# Feedback On These Breeders?



## Kathy D. (Nov 28, 2014)

I am reposting this on the Puppy Forum. We live in Carlsbad, CA and hope to have our first Golden after the first of the year. Started with GRCSD, but they have no litters to recommend. Emailed GRCGLA, but no response. Any feedback on following who have litters planned?

Matigan Golden Retrievers (Rancho Santa Fe) $2500. No info on Sire/Dame yet.

Canyon Ridge Goldens (Aguanda) $2000. Sire: Rusty. Dame: Alice.

Birch Hollow Goldens (Orange County) $2000. Sire: Champion 'Que' CH Birch Hollow's Questionairo. Dame:'Cala', Birch Hollow's Calamity on Rte Sixty Six.

Thank you!


----------



## Megora (Jun 7, 2010)

I think all three of these are good breeders (quick google) - the third one (Birch Hollow) - I've heard of - I think they've been around for a long time. 

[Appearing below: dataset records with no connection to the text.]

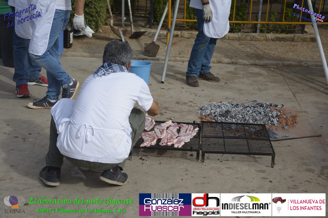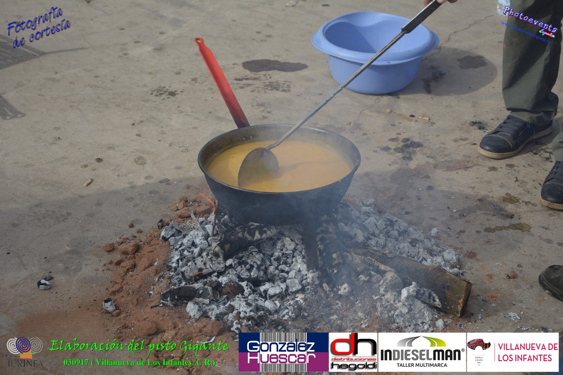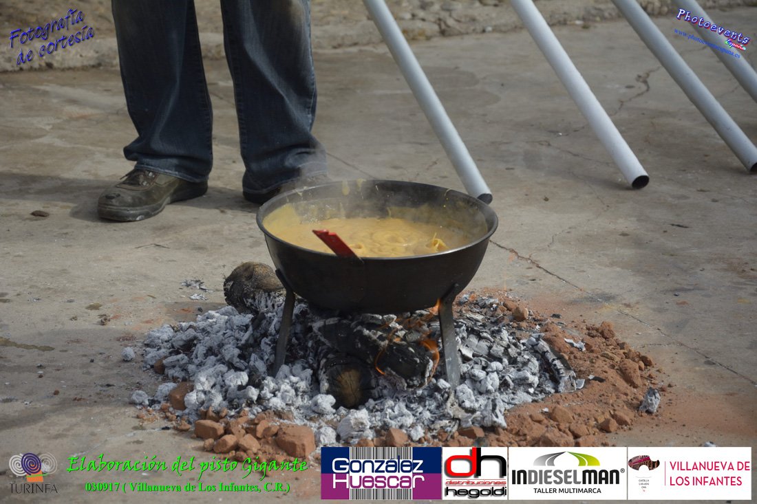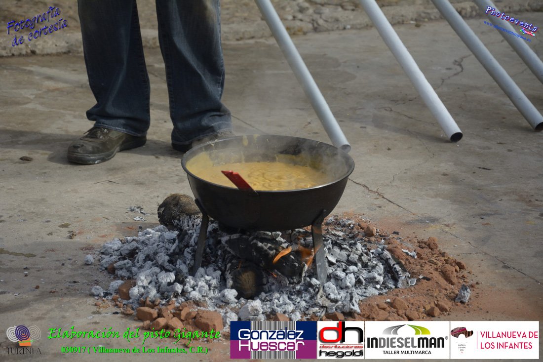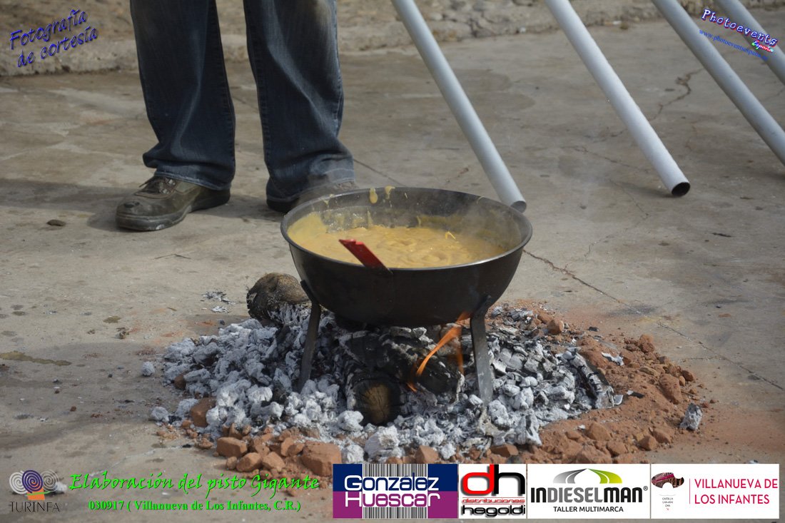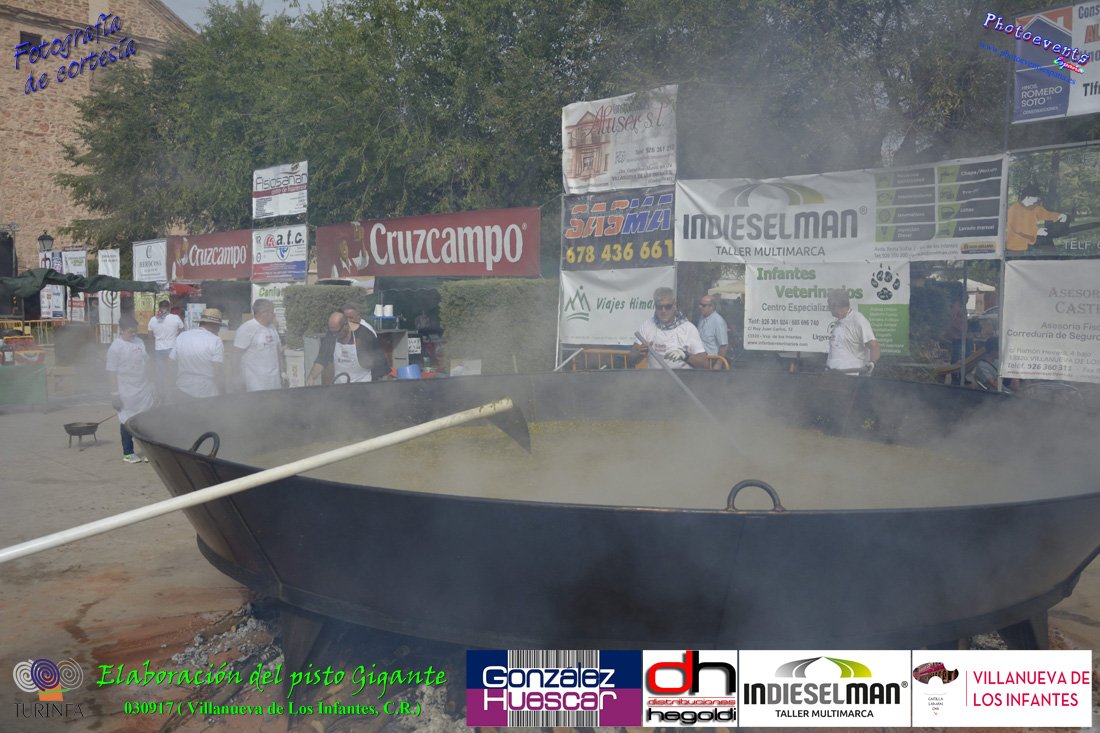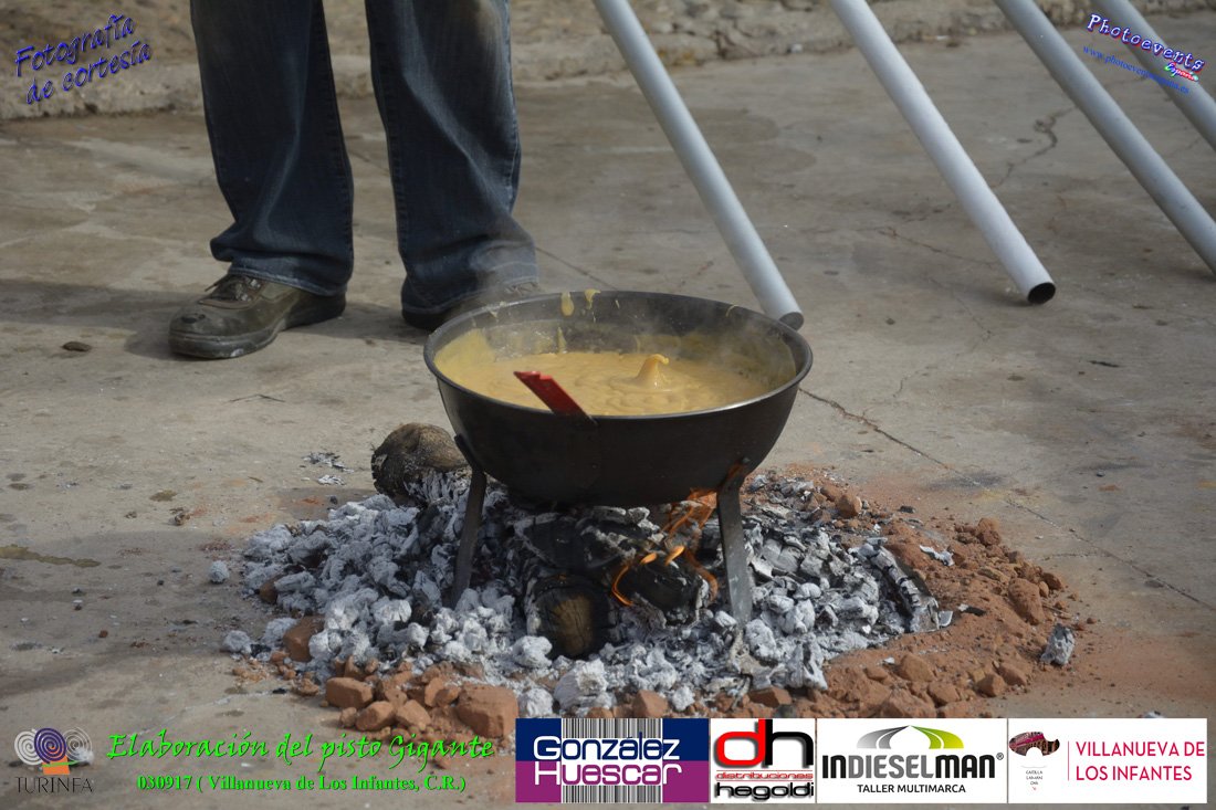 Fotografías realizadas durante la preparación del pisto mas grande del mundo, siendo este realizado con una nueva sarten de 5,20 metros (1 Metro mas que su predecesora). El pisto gigante se realizaba con 2000 kilos de pimiento (donados por El Abuelo Manolo y la Cooperativa la Moraleja), 1100 kilos de tomate, 360 kilos de carne, 150 litros de aceite (de la Cooperativa Virgen de la Antigua y Santo Tomás de Villanueva de la localidad) y 30 kilos de sal. Elavorandose tan suculento plato a fuego con leña durante más de 5 horas. El evento tenía lugar el pasado día 3 de Septiembre y estaba enmarcado dentro de las fiestas del pimiento que anualmente a comienzos de Septiembre se celebra en la localidad de Vva. de los Infantes, (Ciudad Real,España).
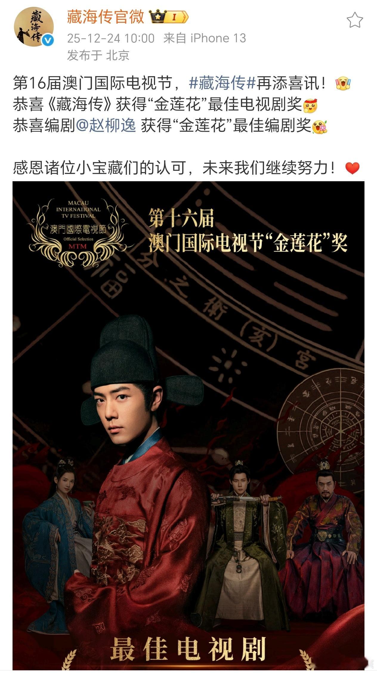 恭喜《藏海传》获奖,好剧就是会得到各种认可
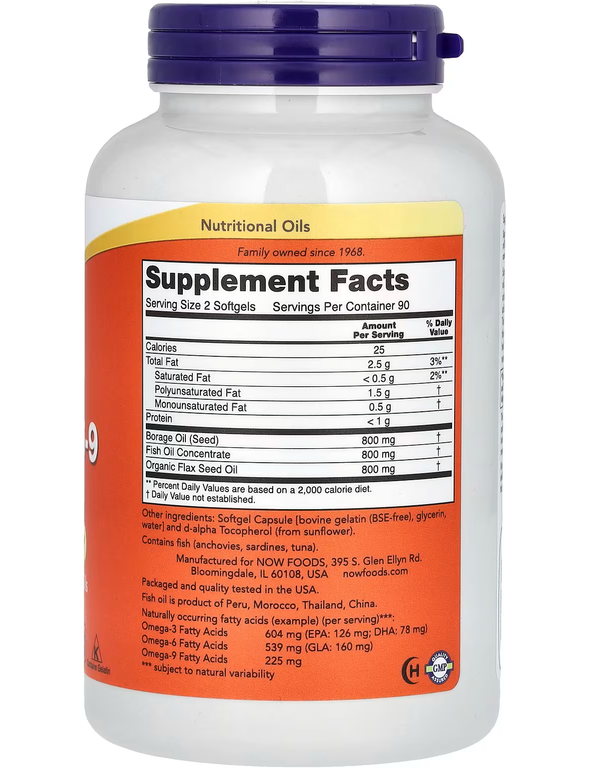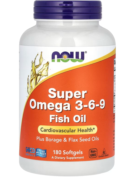 Суперомега 3-6-9 — це суміш риб’ячого жиру, олій із насіння огірочника та льону. Ця комбінація добре відомих поживних олій і жирів має унікальний баланс незамінних жирних кислот омега-3 й омега-6 із додаванням омега-9 — замінної, але корисної жирної кислоти. Жирні кислоти омега-3 — альфа-ліноленова кислота, ЕПК й ДГК, а також омега-6 — ГЛК (гамма-ліноленова кислота) необхідні для здоров’я шкіри, нормального імунного балансу та правильної роботи нервової системи.

Just make sure you ask to see clearances or links to clearances. Should have the 4 main ones (hips, heart, eyes, elbows). FINALS not prelims. 

Good luck!


----------



## Bozema (Nov 23, 2009)

Our boy is from Matigan and I think very highly of Jan and her dogs. Her dogs had all their proper clearances and we talked for several months before going forward and still stay in touch.


----------



## bvgoldens (Dec 8, 2014)

FYI - the sire pictured on the Birch Hollow Breeders.net page for their stud dog "Que", is actually a picture of the famous dog, Banjo, owned by Chuckanut Retrievers, BISS Am/Can CH Chuckanut's Brasstime TD JH NA NAJ WC VCX OS SDHF Can TD JH WC OS (1/12/1996-8/6/2007). Que is a very very dark Golden who does not look like Banjo.


----------



## lhowemt (Jun 28, 2013)

A quick glance on offa doesn't show updated eye clearances on either dog so you need to check with the breeder. They should be within the last 12 months and sometimes people don't send them in or are slow. The dam's cardiac clearance was not done by a cardiologist. Cardio's are the preferred method vs practitioners or even specialists because they are better at identifying cardiac issues. i'd pass on a litter without proper cardiac certs and also if the eyes aren't up to date.

If they are using someone else's picture, that is very odd. I tried to confirm it by looking at k9data and while he is listed there, they don't have the information up to date, and not even a call name listed. That is very very odd to me. Plus I couldn't verify the photo or not.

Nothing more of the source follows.